You were so caught up in following the plan, not poking around where shouldn't, that you didn't even notice what he was going through. You didn't get comfortable; his vitals were never accessed. You were too busy failing step two.

Then he got stabbed, but that was a different story.

You analyzed the data and hundreds more, over-examining until you convinced yourself that you were just wasting precious time. You knew the results, knew you were at fault. What more was there to it?

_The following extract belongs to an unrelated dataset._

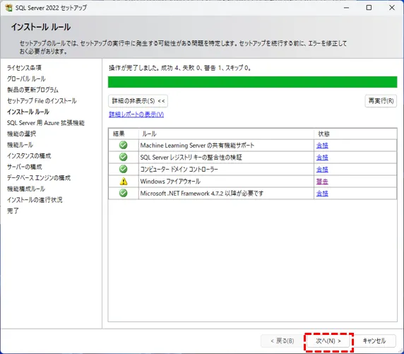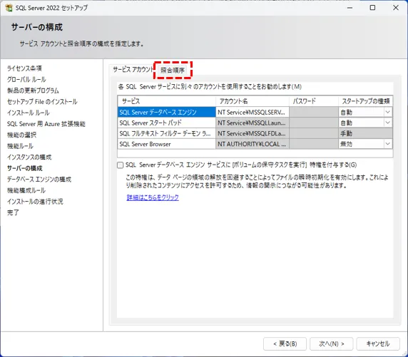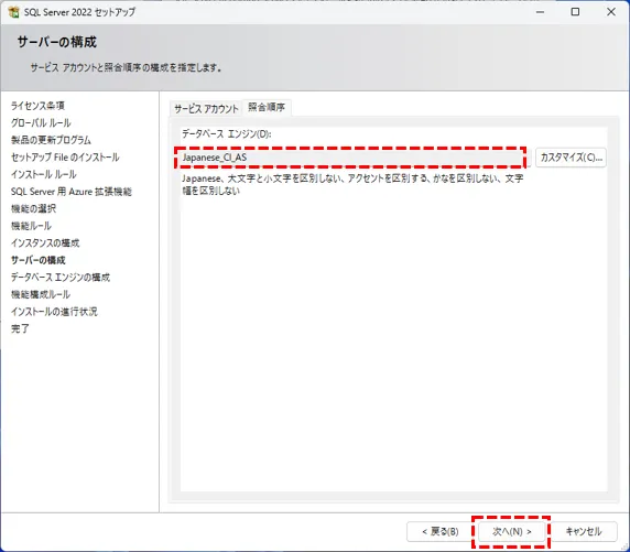 12.「Japanese_CI_AS」であることを確認し、「次へ」を押下します。

You knew he had been booked for surgery but never pried as to what for. Again with the procrastination. Your search had told you that surgery was bad for the disease. Trying to cut the physical feeling out didn't always work. The result may lead to a quicker demise.

Guess that's what happened to Tucker.

You spent the remaining dregs of your nanoseconds thinking about how many hours Tucker must have spent bent over the toilet bowl; hacking up petal after petal. You wondered how long it took them to eventually be replaced with whole flowers. How many flowers did it take before he made the appointment that ended his life?

You wondered—was it too late? Or were you so interwoven within him that cutting you out was the worst possible choice to have made? How much had it hurt? You couldn't imagine it; the suffering of restrained lungs, a heart encaged, beating out as the flowers bloomed and the tendrils grew piercing thorns.

How much did you ruin him?

Even through your search, there were so many things you couldn't grasp. But it was too late. Tucker was gone and time was up. As you return to the mortal realm, just remember: there wasn't anything that you could have done, Church.